Chocolate Laureates!

So we can see that not only must we be observant to seek out (subtly) hidden patterns in data, we must also be observant to avoid wrong or confounding inferences! If you've not got anything from all the previous slides, please make sure you get this:

\[ OBSERVE!! \]

Brief Intro To R and RSTudio

First, you'll need to install R first, then RStudio, if you haven't done so already. (Linux versions of both are also available at those links)

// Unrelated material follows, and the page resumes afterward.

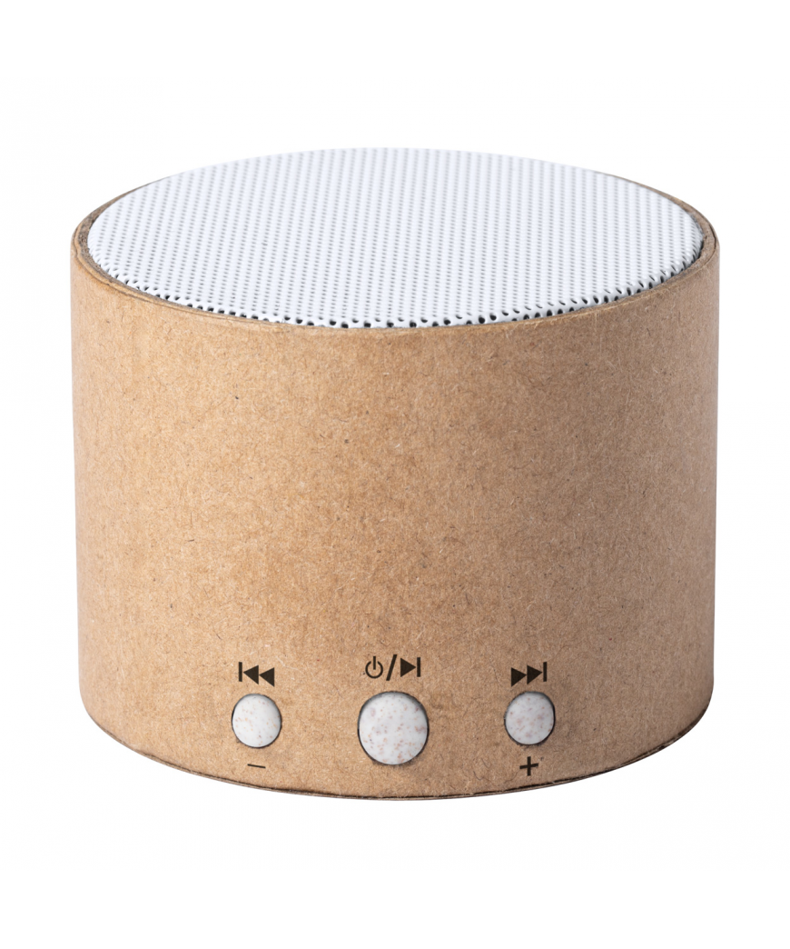 Głośnik Bluetooth z tektury z recyklingu z przyciskami ze słomy pszenicznej i wbudowanym akumulatorem. W zestawie kabel USB.

After both are installed, you should see a screen that looks like this: screenshot

No. 1 is the console - it's where you write your code and input commands, see the results of your input, etc.

So, you may click on your console, and type the following:

print(“Hello World!”)

…and then press the 'Enter' key. Congratulations! You've just written your first R program!

No. 2 is the Environment and History window - it's where info about your variables and functions you create are displayed.

So, if you type the following command:

x = 2

and look in the Environment window, viola! Your variable 'x' appears, with other information about it. This window gives you a very quick and helpful glance at all the variables currently in your workspace.

If you click the History tab, you'll see a history of all the commands you've typed thus far.

Or, an easier way to do this is to just press the 'Up' and/or 'Down' keys on your keyboard.

No. 3 is the Files, Plots, Packages, Help and Viewer windows.

'Packages' gives you a list of all the packages you currently have on your system. (More on this in a subsequent session)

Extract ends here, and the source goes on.